Set in 2002 Toronto, Pixar’s Turning Red is clearly a deeply personal story for its Chinese-Canadian writer-director Domee Shi, but that doesn’t stop its setting from also having a meta kick. This coming-of-age dramedy takes place in the era during which Pixar were perhaps at the height of their inventiveness, releasing the kinds of emotionally complex and technologically astounding works that surely helped inspire Shi herself (who would have been 15 at the time) to break into animation. Turning Red doesn’t leap to the same heights as that golden era of Toy Story 2, Monsters Inc etc, but it is one of the more lively and purely enjoyable Pixars of recent years, an unapologetic celebration of the embarrassment of teenagehood.
Meilin (Rosalie Chang) has just turned 13 as the story starts and, along with her three best friends, has found a new independent streak, one that she’s having to hide from her strict and overprotective mum Ming (Sandra Oh). What is harder to hide, though, is her sudden overnight transformation into a giant red panda, a hereditary condition that marks the start of puberty in the women of her family. Bigger, hairier, and stinkier, this panda-fication is an obvious allegory for puberty itself, but Shi makes sure that this transformation is always more than just a metaphor.
For one, the realities of non-panda puberty are not sidestepped, but dealt with calmly and brusquely in the opening 15 minutes, which allows the panda moments to embrace some pure cartoon fun. The stretchy and springy art style lends itself to set-pieces that are at once funny and adorable (the panda design is absurdly cute) as Meilin bounces around Toronto in a chaotic red blur. Shi wears her anime influences on her sleeve, from general design choices to specific shoutouts, granting a manic energy to Turning Red that feels genuinely new for Pixar, an energy that it’s a shame to see relegated to an exclusively Disney+ release. There are plenty of scenes that just cry out for the big screen, not least the mouthwatering cooking sequences, for which Shi reserves the most photorealistic animation.
Also relatively new for the studio is the simplicity of the central message here – there’s none of the layered metaphors about parenthood from the Toy Story trilogy or the still extraordinarily bold lessons about emotional balance from Inside Out – which basically comes down to ‘be yourself, good and bad’. It’s hardly a bad message, but its familiarity does rob the story of some emotional power – I found the moments of joyous friendship moving, but the conflict between teen daughter and her myopically controlling mother felt like pretty bog-standard fare.
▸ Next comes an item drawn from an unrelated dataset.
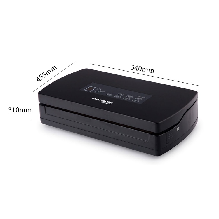 - Máy hút chân không Sunhouse đặc biệt phù hợp với 1 túi ni lông có 1 Mặt Trơn 1 Mặt Nhám. Thêm nữa máy còn có rãnh chứa nước nên sẽ không bị tràn ra ngoài từ bịch thực phẩm khi đang hút nên rất sạch sẽ và vệ sinh dễ dàng sau khi sử dụng.

It’s an issue that mostly sits on the sidelines before making itself felt in the finale, which does still manage to save itself with some eye-popping visuals and a very funny recreation of early-2000s teen pop courtesy of a concert from in-universe band 4*Town (whose lyrics are written by *current* teen pop sensation Billie Eilish). It’s in this sort of texture that Turning Red is probably at its strongest, capturing the teen experience both in era-specific (Tamagotchis feature heavily) and eternally relevant ways – the visualisation of mortifying teenage embarrassment is exceptional.
Even if its central plot can be lacklustre, Turning Red is so much more concerned with all the little moments around this story that it’s hard to be too annoyed by it. Shi embraces female adolescence in all its cringy but cathartic glory, a celebration that still feels all too necessary in a world that continues to resent teenage girls simply for existing, all while providing us the most huggable Pixar protagonist since Wall-E.